また、腰痛予防にもなるとされており、整骨院や整体でも体幹トレーニングと称したインナーマッスルに電気刺激(EMS)を加える手法もみられるようになりました。
しかし、体幹トレーニングをしても腰痛を発症をしたり、ケガをしたりするケースも多いです。
一流アスリートもインナーマッスルを鍛えることに疑問をもっています。
いつも思うのだけど「インナーマッスルを鍛えましょう」だの「インナーマッスルを鍛えておけば怪我は予防できる」とか言っている人はどこの筋肉をインナーマッスルだと言っているんですかね?
— ダルビッシュ有(Yu Darvish) (@faridyu) October 17, 2016
そもそも、体は1つの筋肉だけを使うことはなく複数の筋肉が協調するため、インナーマッスルだけを鍛えることは不可能です。

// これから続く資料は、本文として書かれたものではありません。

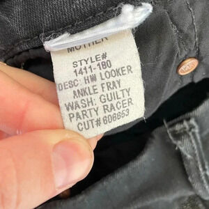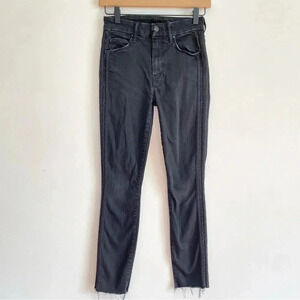 MOTHER HW Looker Ankle Fray Guilty Party Racer Black Skinny Jeans Rae Edge Pant
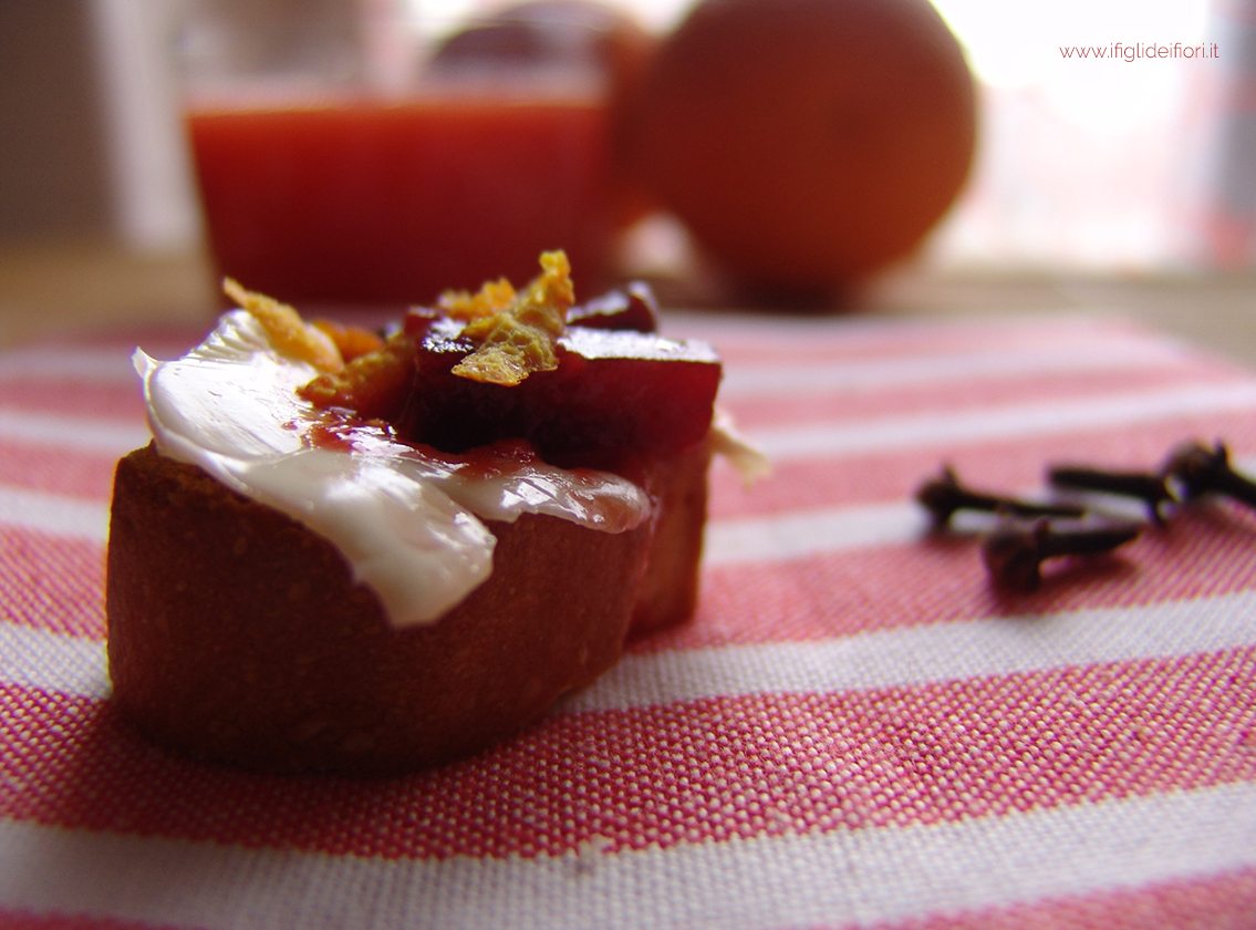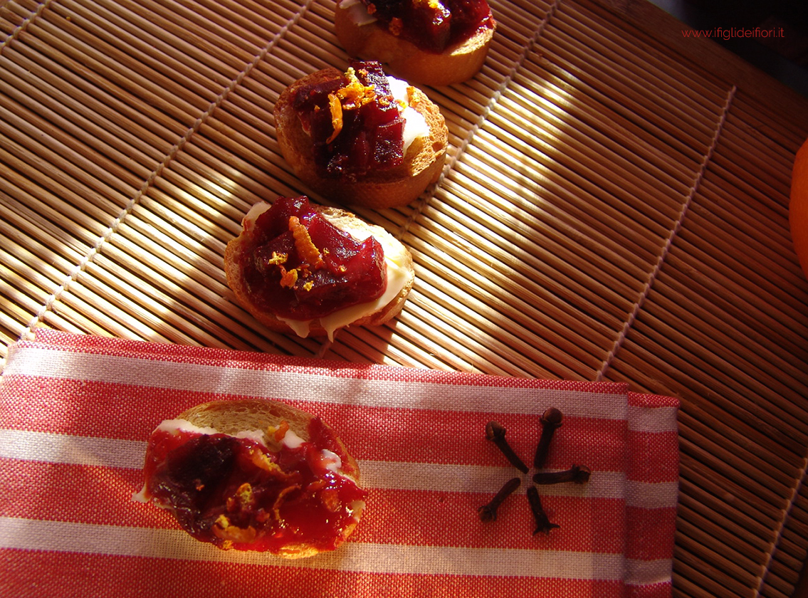 Imburra i crostini e cospargili con la marmellata di barbietole e zesta d’arancia grattugiata.

最近では神経科学の進歩により、中枢神経系(脳)を介した姿勢制御や運動制御が体幹機能には重要であることが解っています。
間違った手法で体幹トレーニングを導入してもスポーツのパフォーマンスは上がらず、貴重な練習時間を無駄にします。
また、腰痛予防になるどころか、やり方によっては腰痛を引き起こしやすくなります。
ここでは研究結果も踏まえて、体幹トレーニングについて考察していきます。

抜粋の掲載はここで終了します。